B) is bound to introduce delays. People won't forward these on their own, we'll have to ask, etc, etc. I'd rather just be able to look at a release node and see if something's wrong, instead of asking the owner to forward me an email.

C) is just about as much work as our other plan, which is already in progress.

i don't think this is re-inventing the wheel. if i create a release node, i expect to look at that release node and see information about that release node. i wouldn't automatically think "gee, this node still doesn't have a tarball, maybe i should check my e-mail in case something was pushed there"...

Anonymous’s picture

@dww: I was looking at CVS HEAD and the file I pointed to in #9 was updated only two weeks ago.

@drewish: I agree that number needs to be errno. We also should have error column for our description of errno. We can use message to contain the text from the process if there is any.

@killes: I don't think email is good enough. If a casual observer of the package sees the error he can help fix it. So displaying the error in the release node has valuable side effects. Besides what happens in the email bounce situation; there is then no notice by which we can achieve the desired effect.

Anonymous’s picture

Looking at package_release_nodes.php this morning I'm thinking that wd_err function will need to change to add the errno to the parameter list. Also I think we can use POSIX errors such as ENOTDIR, ENOENT, etc. If we decide that an error column is required that can be easily assigned via an array or it may be overkill. The wd_err function will also change to populate the table. Comments? Is there any time that we need to populate the error table outside of wd_err?

@dww: I apologize. I now realize link @ #9 wasn't a view of HEAD.

Anonymous’s picture

I'm attaching a patch for package-release-nodes.php incorporating my idea at #16. I've not populated a timestamp or error column. Are these needed?

drewish’s picture

<rant>grrr... all you people with errno and other cryptic variable names. you're the reason we've got aid bid pid and no one knows what they mean where. it's not 1970, we aren't waiting for 300 baud modems and we can fit more than 80-characters on a line. we can afford the luxury of saying what we mean. can't we just spell it out?</rant>

dww’s picture

@drewish -- i totally share your general point (see my similar rants about "pid" showing up dozens of times in the drupal schema and the $node object, with utterly different meanings, etc). however, in this case, i think you're mistaken. "errno" isn't exactly cryptic, and is certainly more clear than "number" in terms of what it's for. if you really want to bend over backwards to coddle the newbies, "error_code" would be ok, but "number" is totally vague.

All that said, it's not 100% clear we even need an errno anymore. ;) If we're just going to nuke all the records each time we're about to try to package something, and the table just displays the error messages directly, there's not really any reason for an errno.
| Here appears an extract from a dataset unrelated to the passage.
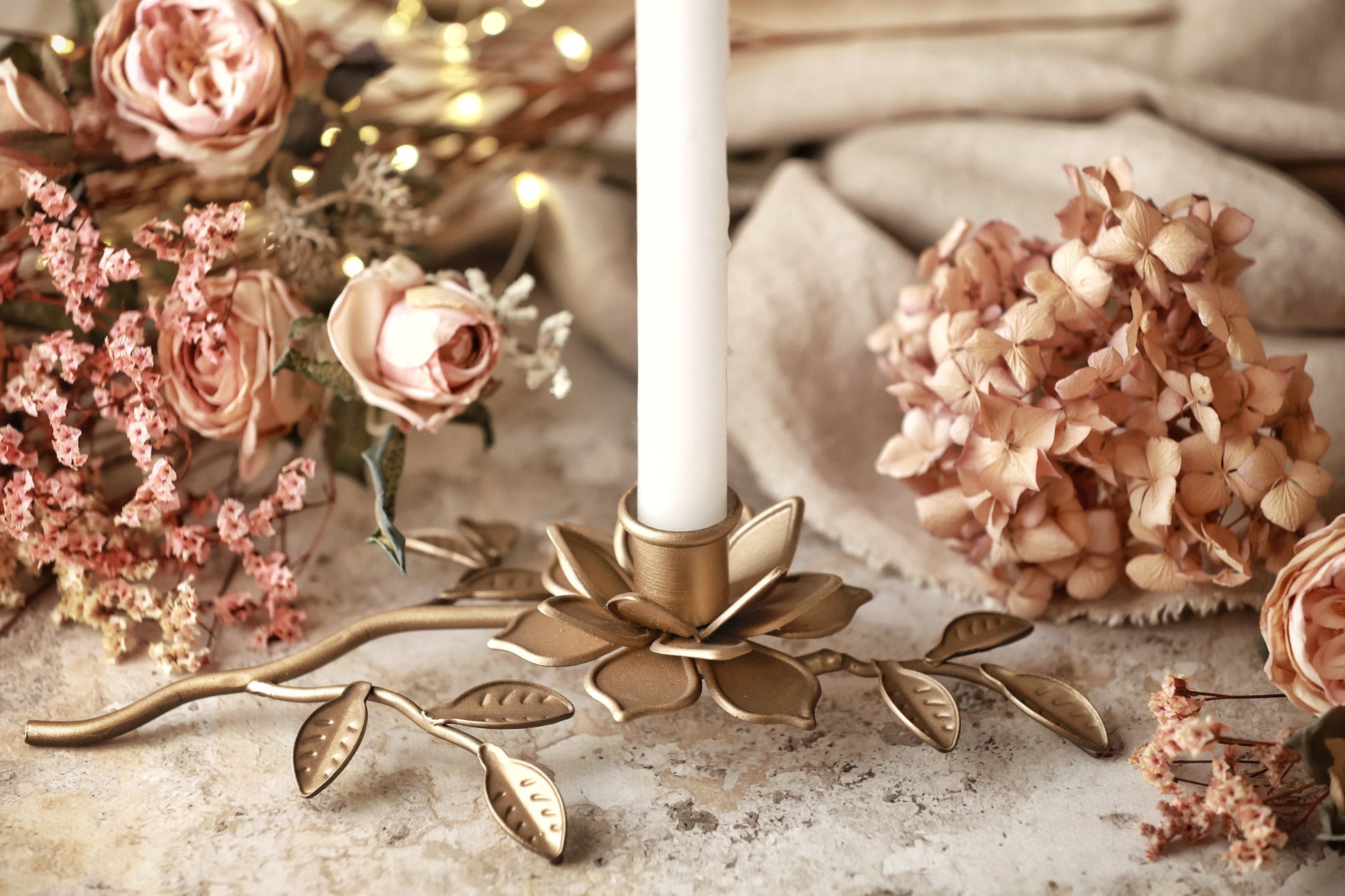 - Adoptez ce bougeoir en métal finition dorée qui représente une rose en éclosion, délicatement posée sur une branche ornée de feuilles finement travaillées.

Let's just store and display the full error text and be done with it. Makes it easier to not have to worry about adding errno's to wd_err(), too. ;)

Re: timestamps -- see my comments in #11 above. Basically -- no, we don't need them in this table, but it might be worth adding a "last packaging run" timestamp to the {project_release_nodes} table -- see http://drupal.org/node/174819

So, unfortunately, Earnie, that means your latest patch at #17 isn't really going to help -- sorry you spent time on that. :( All we really need from there is the code in wd_err() to generate the new record in the table.

We also need to fix how we're keeping track of which nid we're working on -- your patch gets things wrong since you're relying on the $project_id handed to package_releases(). That's optional, and only specified when running the script manually. As I said above, you really want to look at the $nid we pass to either package_release_core() or package_release_contrib().

Finally, we need to clear out the records in the {project_release_package_errors} table when we're starting to process another release node.

All that said, this is actually pretty close to being ready. Thanks, all.

Anonymous’s picture

it's not 100% clear we even need an errno anymore Do we need a sequence number to keep the order straight?

sorry you spent time on that. :( Not a problem, I submitted the patch to spark communication.

We also need to fix how we're keeping track of which nid we're working on -- your patch gets things wrong since you're relying on the $project_id handed to package_releases(). I figured this was wrong. We need nid before we start populating errors though.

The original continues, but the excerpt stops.